Ratings796
Average rating4.2
A detective is called to a New York building where a woman is sitting on a parapet hundreds of feet above the street. He tries to talk her back. She says she can't live with the memories of a second life that flood her mind. She called it FMS, False Memory Syndrome.
The woman is not alone as an increasing number of people suffer from the same thing. The detective does some off-book digging and finds evidence for the other life the woman experiences. But then he finds himself immersed in the same experience.
Recursion is a novel of repeats. Repeated lives, repeated experiences, repeated trauma. Crouch has framed this SciFi theme in a new and well thought out narrative. The science is well done but the standout for me was the character development.
The detective moves from a man running from overbearing grief to somebody intent on making sure that what he experiences stops with him. The scientist is driven by her mother's dementia to find a way of stopping her decline but finds herself in a high stakes battle of wits.
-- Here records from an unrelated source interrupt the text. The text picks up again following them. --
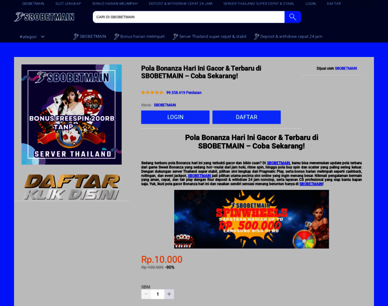 Temukan pola Bonanza hari ini yang paling gacor dan terbukti menang. Mainkan slot Sweet Bonanza di SbobetMain dengan bonus besar dan RTP tinggi!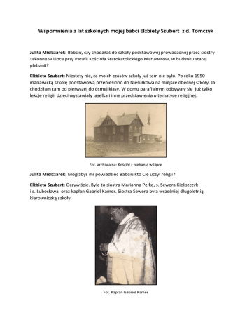 Wspomnienia z lat szkolnych mojej babci Elżbiety Szubert z d. Tomczyk Julita Mielczarek: Babciu, czy chodziłaś do szkoły podstawowej prowadzonej przez siostry zakonne w Lipce przy Parafii Kościoła Starokatolickiego Mariawitów, w budynku starej plebanii? Elżbieta Szubert: Niestety nie, za moich czasów szkoły już tam nie było. Po roku 1950 mariawicką szkołę podstawową przeniesiono do Niesułkowa na miejsce obecnej szkoły. Ja chodziłam tam od pierwszej do ósmej klasy. W domu parafialnym odbywały się już tylko lekcje religii, dzieci wystawiały jasełka i inne przedstawienia o tematyce religijnej. Fot. archiwalna: Kościół z plebanią w Lipce Julita Mielczarek: Mogłabyś mi powiedzieć Babciu kto Cię uczył religii? Elżbieta Szubert: Oczywiście. Była to siostra Marianna Pełka, s. Sewera Kieliszczyk i s. Lubosława, oraz kapłan Gabriel Kamer. Siostra Sewera była wcześniej długoletnią kierowniczką szkoły. Fot. Kapłan Gabriel Kamer Julita Mielczarek: W którym roku to było ? Elżbieta Szubert: W 1957 roku zapisała mnie mama na lekcje religii, byłam wówczas w I klasie. W II klasie przystąpiłam do Pierwszej Komunii Świętej, do której przygotowywały mnie siostry Marianna i Sewera. Fot. Siostry: Marianna i Sewera. Julita Mielczarek: Do którego roku Siostry uczyły jeszcze religii w parafii ? Elżbieta Szubert: Po ukończeniu ósmej klasy w 1964 roku przestałam już uczęszczać na religię, siostry nadal uczyły, nie pamiętam do którego roku. Siostra Sewera wyjechała do Płocka, a Siostra Marianna została w Parafii i służyła aż do śmierci. Została pochowana na cmentarzu w Niesułkowie. Julita Mielczarek: Babciu może wiesz coś na temat tej szkoły podstawowej od swoich rodziców lub dziadków ? Elżbieta Szubert: Wiem, że za ich młodych lat była to szkoła 4 klasowa. Sale lekcyjne znajdowały się na pierwszym piętrze. Mówili o pięciu siostrach nauczycielkach tj. s. Sara, s. Benicja, s. Michaela, s. Marianna i s. Sewera. Tak jak wcześniej wspominałam religii uczyła mnie siostra Marianna i s. Sewera. Julita Mielczarek: Obecnie na miejscu dawnej plebanii stoi nowy Dom Parafialny. Elżbieta Szubert: Stary budynek otrzymał drugie życie. Znajduje się obecnie w Skansenie w Nagawkach. Plebania jest odtworzona razem z przylegającym kościołem czyli tak jak było to pierwotnie. Rozmawiały: Julita Mielczarek uczennica III kl. Technikum Ekonomicznego w Bratoszewicach ze swoja babcią ze strony mamy Elżbietą Szubert, parafianką z Lipki. Niesułków Kolonia 2013 r. W dn. 28 października 2013 r. pojechałam do Nagawek. Z informacji uzyskanych od pracowników skansenu dowiedziałam się, że dawna neogotycka plebania mariawicka została przeznaczona na recepcję oraz pomieszczenia biurowe. Mieszczą się tutaj także 4 apartamenty i 2 pokoje. Plebania oryginalnie połączona była z drewnianym kościołem na planie krzyża. Bryła kościoła została odtworzona przez projektantów na podstawie starych rycin i zaadoptowana na zimową salę kinowo - teatralną z widownią (ok. 200 miejsc) oraz sceną. W Sali kinowej odbywają się koncerty, pokazy taneczne, oraz konferencje i szkolenia. Julita Mielczarek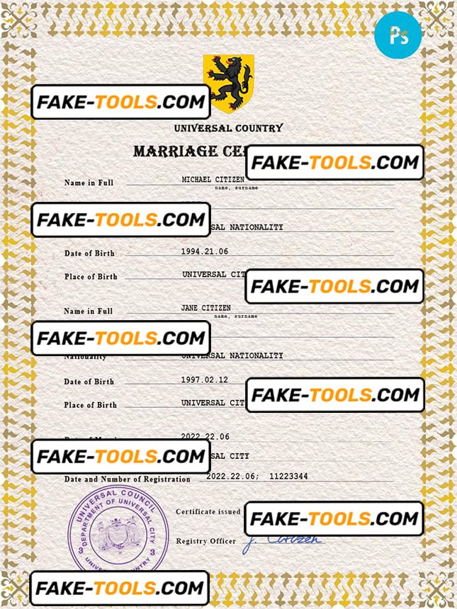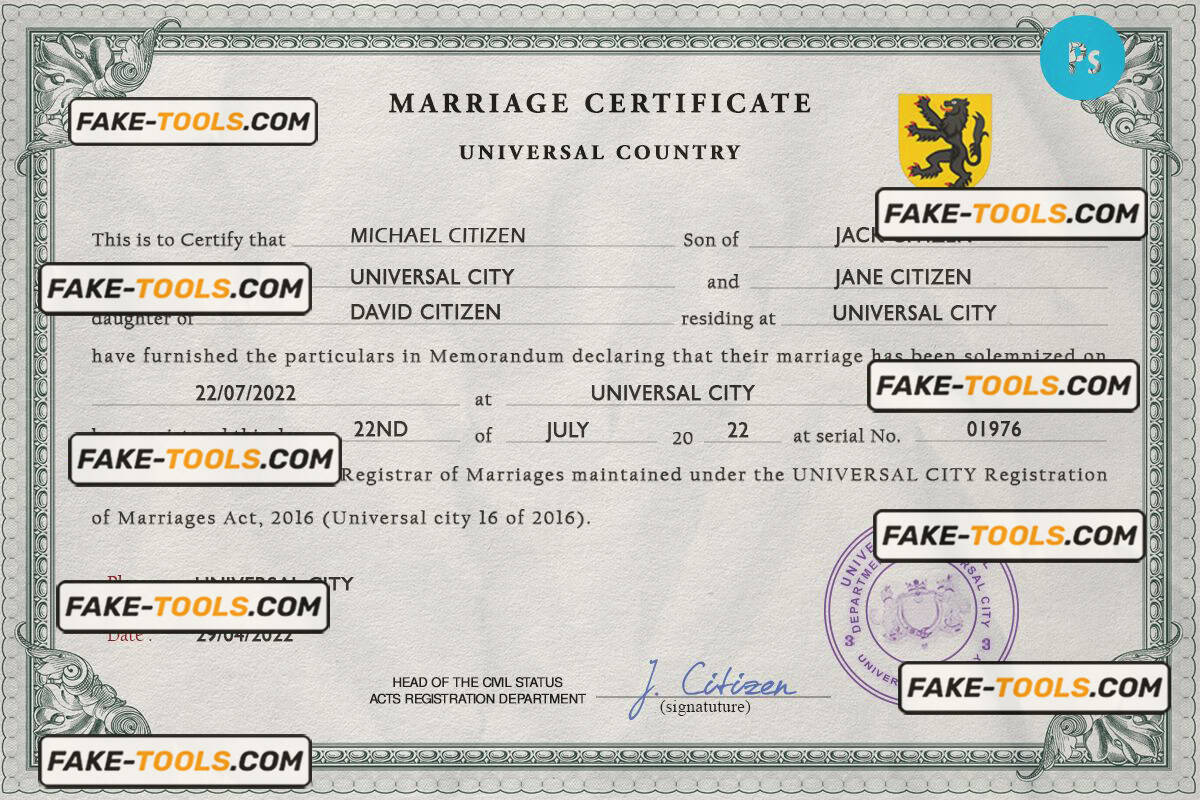 full-frontal universal marriage certificate Word and PDF template, fully editable

Another character thinks he's saving the world while his ego driven desires are endangering everything.
I found myself engaging with the characters at a very personal level. They were not merely shapes on the page but people with widely shared human frailty and struggles. And the wrapping of it all in an exploration of time and memory was skillfully handled.
Recursion has earned a place with such works as the movie Primer and the novels, The Lathe of Heaven and The First Fifteen Lives of Harry August.